/MetaRF

MetaRF: Differentiable Random Forest for Reaction Yield Prediction with a Few Trails

Primary LanguageJupyter Notebook

MetaRF: Differentiable Random Forest for Reaction Yield Prediction with a Few Trails

This is the implementation for our paper "MetaRF: Differentiable Random Forest for Reaction Yield Prediction with a Few Trails".

Workflow

image

Setup

  1. Check dependencies
 - tensorflow==2.9.2
 - kennard-stone==1.1.2
 - numpy
 - pandas
 - sklearn
  1. Clone this repo
git clone https://github.com/Nikki0526/MetaRF.git

Data preprocessing

  • Run $ data_preprocessing.py to preprocess the data.
  • This step includes random forest module and dimension-reduction module.
  • The original reaction and yield data in this paper is from [1], [2] and [3].
  • We also provide the data after preprocessing in /data(Two datasets are too large for github and they can be downloaded from Google Drive).

Model training

  • Run $ train.py to perform meta-training and model saving.
  • Our trained model can be downloaded from Google Drive.
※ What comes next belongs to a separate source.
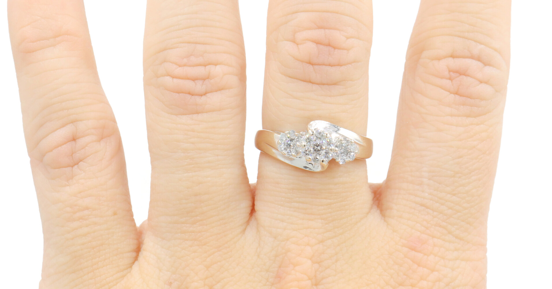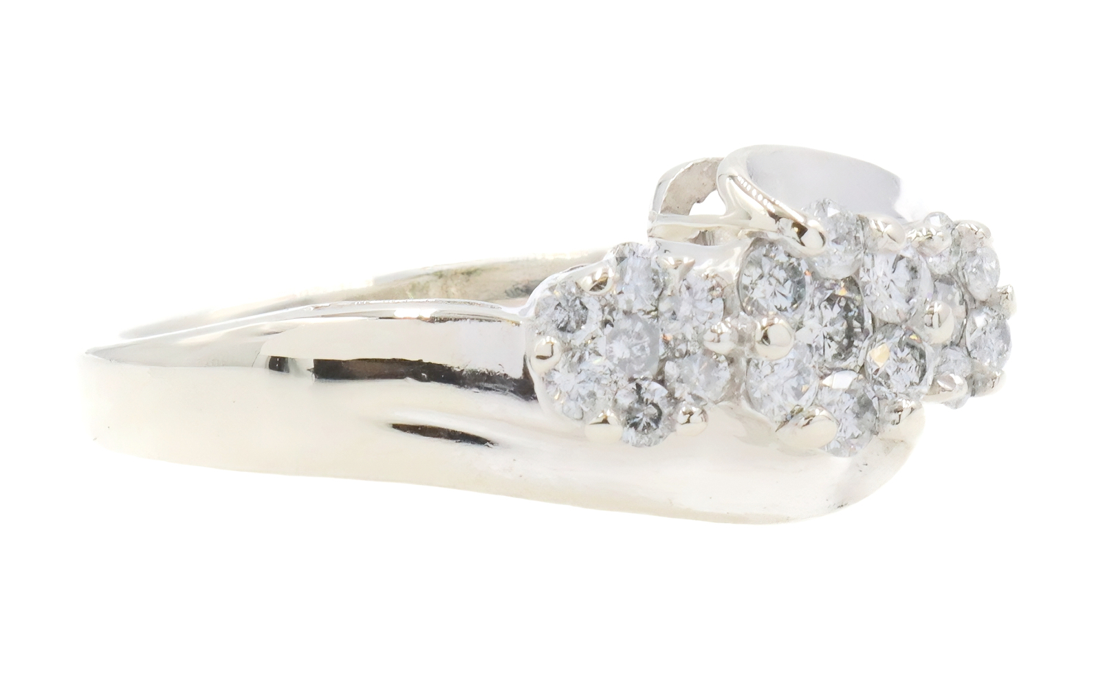 Women's 0.42 Ctw Round Diamond Triple Flower Cluster 14KT White Gold Ring IJDN | USA Pawn

Model fine-tuning and testing

  • Run $ test.py to perform few-shot fine-tuning, dimension-reduction based sampling method and model evaluation.
  • We use relative path in this repository. Please place the downloaded model in the /model folder.
  • [update] We add more baseline comparision in $ baseline.py, including RXNFP [4], DRFP [5], etc.

Tutorial

We provide a step-by-step tutorial that includes the whole workflow (including Data preprocessing, Model training, Model fine-tuning and testing, Baseline comparision) in $ Workflow of MetaRF - Tutorial.ipynb. We also provide a colab version, which can help users easily access our code and environment by clicking: Open In Colab

Note: 
In this tutorial, we take the procedure for Buchwald Hartwig HTE dataset as an example. The other two datasets share the same procedure.

Questions

For further question about the code, please contact 'kexinchen0526@gmail.com'.

References

[1] Ahneman, D.T., Estrada, J.G., Lin, S., Dreher, S.D., Doyle, A.G.: Predicting reaction performance in c–n cross-coupling using machine learning. Science 360(6385), 186–190(2018).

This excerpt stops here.